**What is being asked:** Output the lines from the one holding "White desk with a five-drawer unit" to the end of the entries that follow, exactly and only those, minus any pictures.

**Data section:**

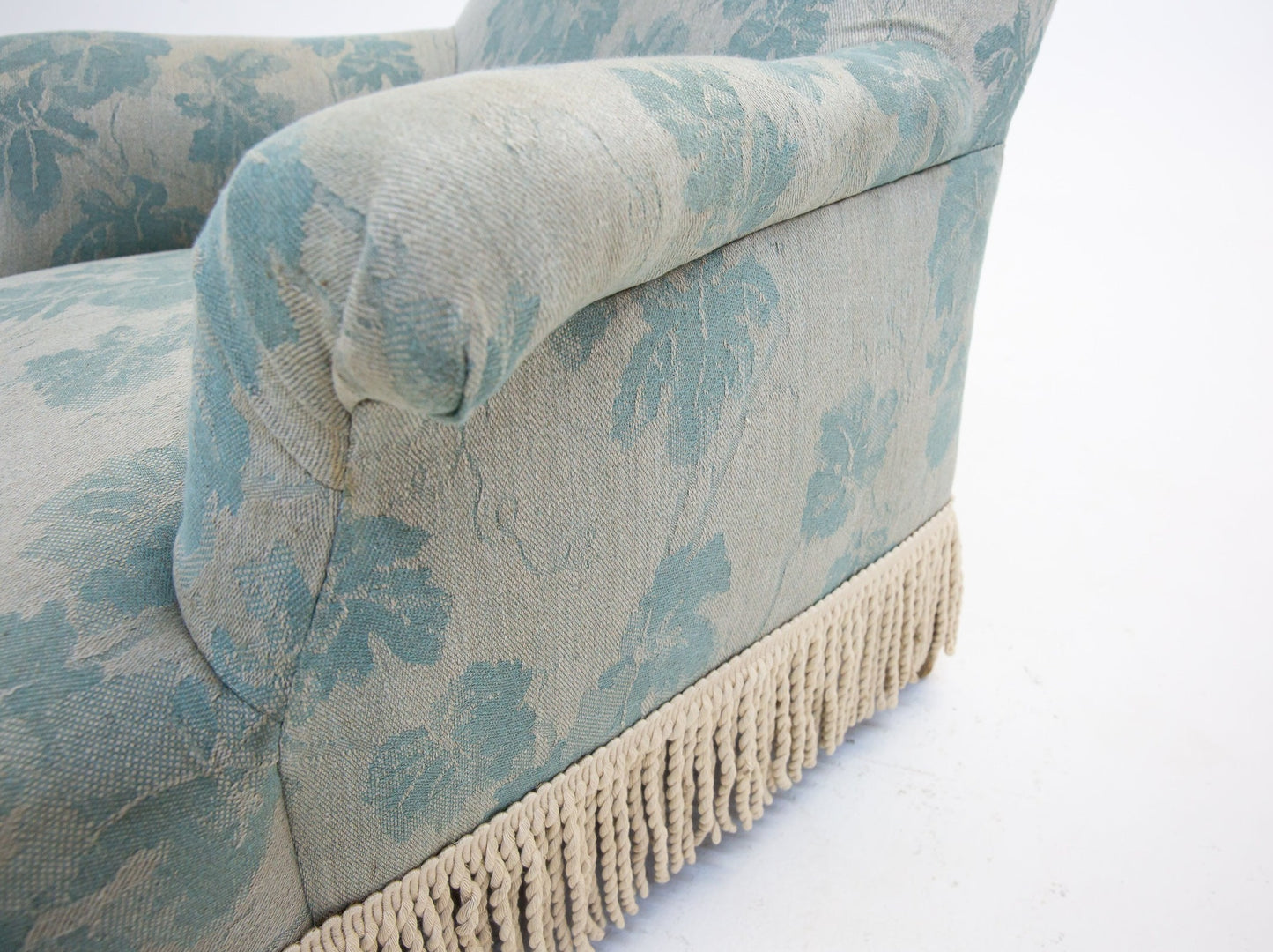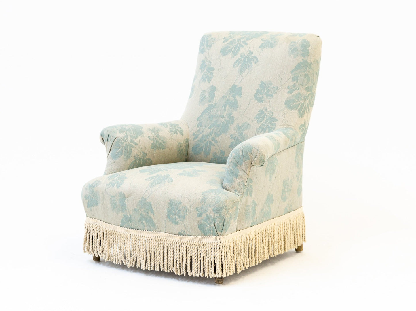 Sillón Napoleón III con flecos en tejido floral azul y crema
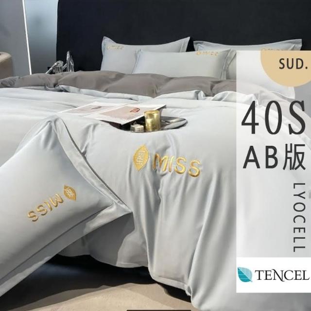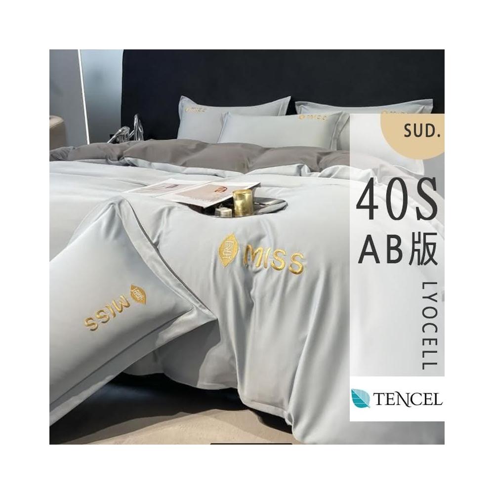 紳娜多家居40支 輕奢裸睡 淺藍灰素色AB版設計 TENCEL天絲-薄被套雙人加大6尺床包組床單 床包 雙人 加大
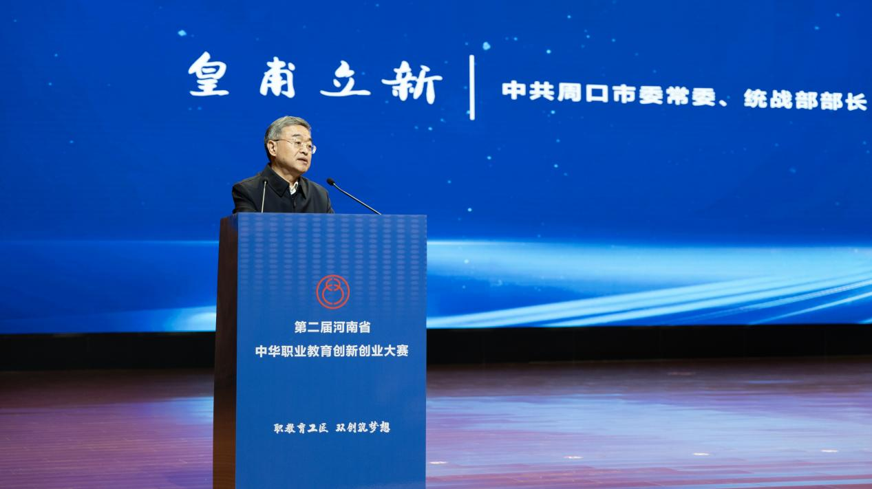 中共周口市委常委、统战部部长皇甫立新代表市委市政府致辞,介绍了周口构建现代职业教育体系的进展。全市5所高职院校、2所技师学院与35所中职学校错位发展,年输送技能人才超3万人,未来将进一步深化校企合作、产教融合,为技能人才创新创业营造更优质的环境。
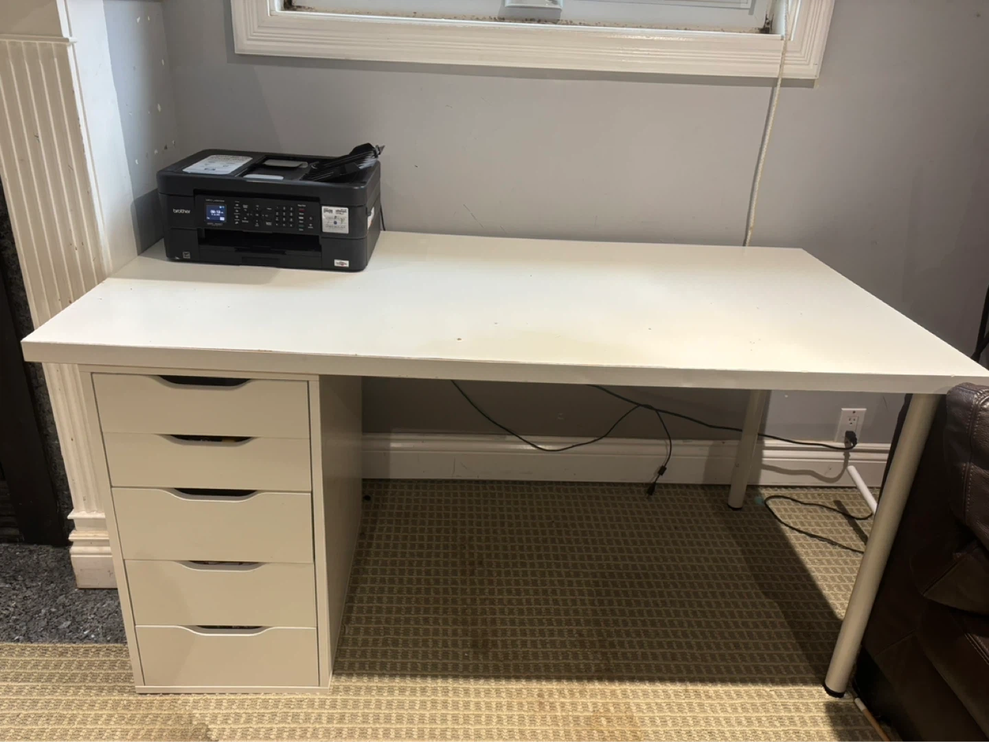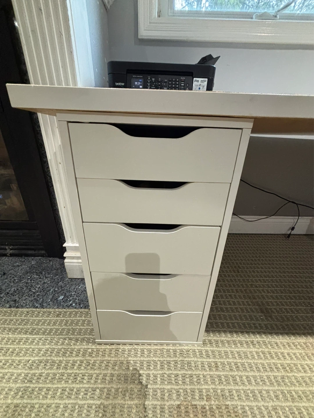 White desk with a five-drawer unit
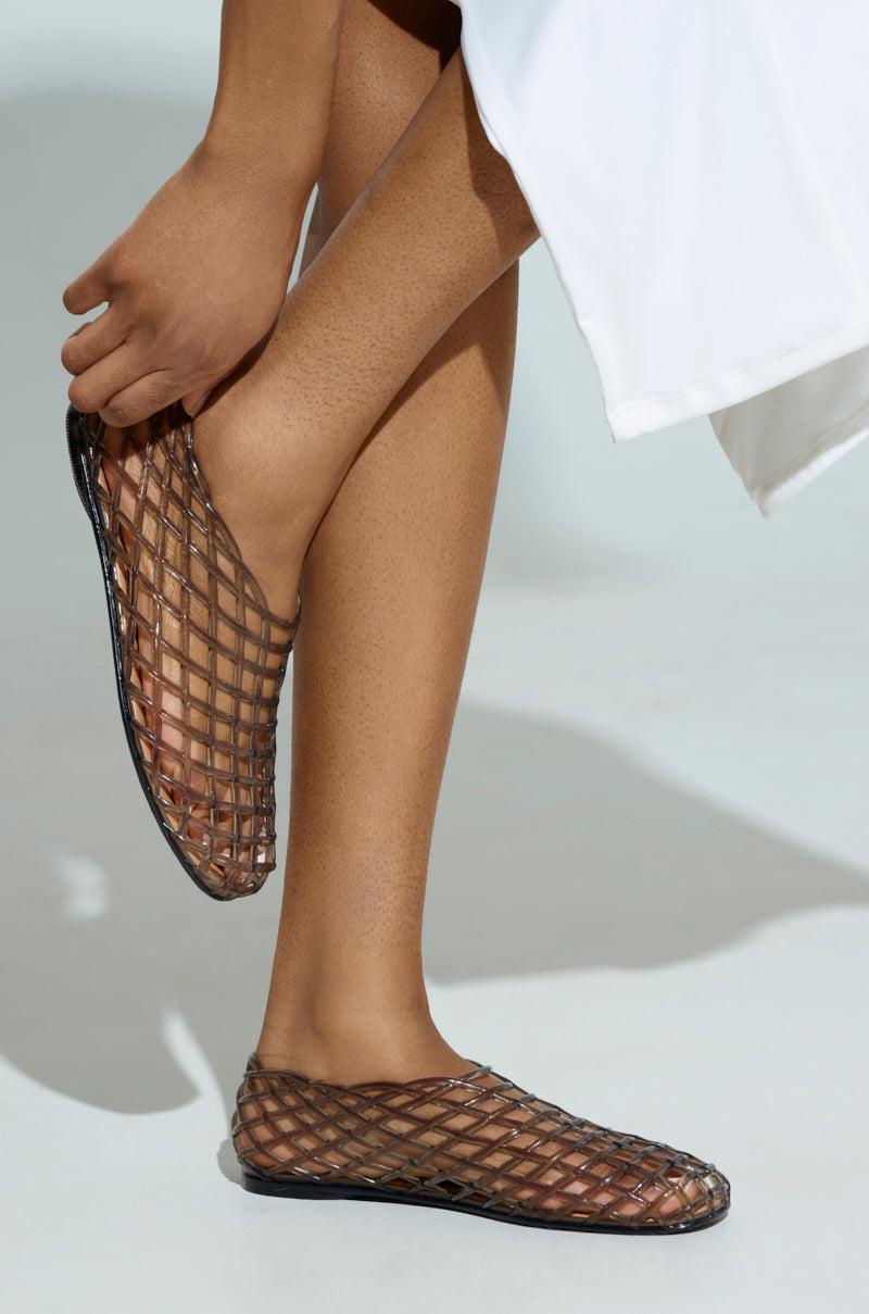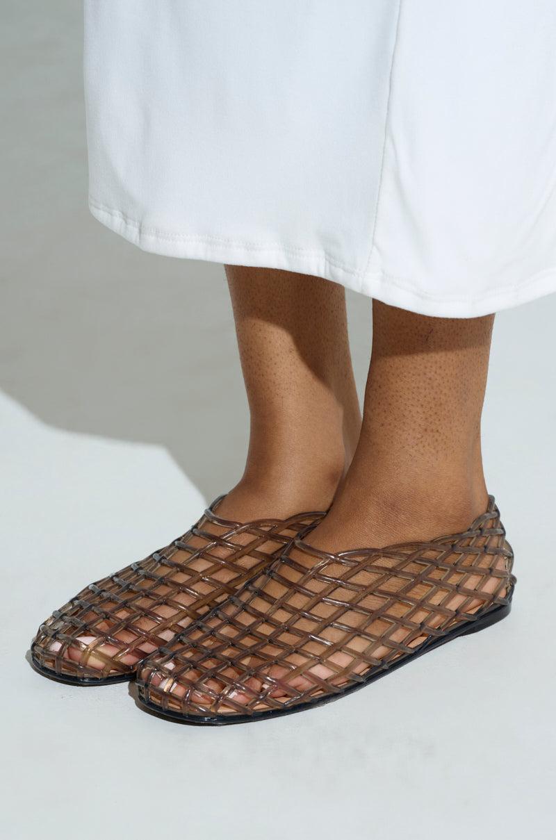 Summer just got better with The AKIRA Label Linus Black Flat. These breezy steppers are crafted from a tinted, translucent PVC material and feature a cage-like construction that hugs the entirety of the foot, an almond toe silhouette, a flat sole, a short chunky heel, and a sleek faux leather insole. Complete with an easy, slip-on fit. Pair with linen pants or sundresses to chill in the sun. (all measurements approximate from size 8)- PVC Upper- Almond Toe- Flat Sole- Short Chunky Heel- 0.25” Heel Height- Imported Product ID: 473527

**Completed exercise:**
 White desk with a five-drawer unit
 Summer just got better with The AKIRA Label Linus Black Flat. These breezy steppers are crafted from a tinted, translucent PVC material and feature a cage-like construction that hugs the entirety of the foot, an almond toe silhouette, a flat sole, a short chunky heel, and a sleek faux leather insole. Complete with an easy, slip-on fit. Pair with linen pants or sundresses to chill in the sun. (all measurements approximate from size 8)- PVC Upper- Almond Toe- Flat Sole- Short Chunky Heel- 0.25” Heel Height- Imported Product ID: 473527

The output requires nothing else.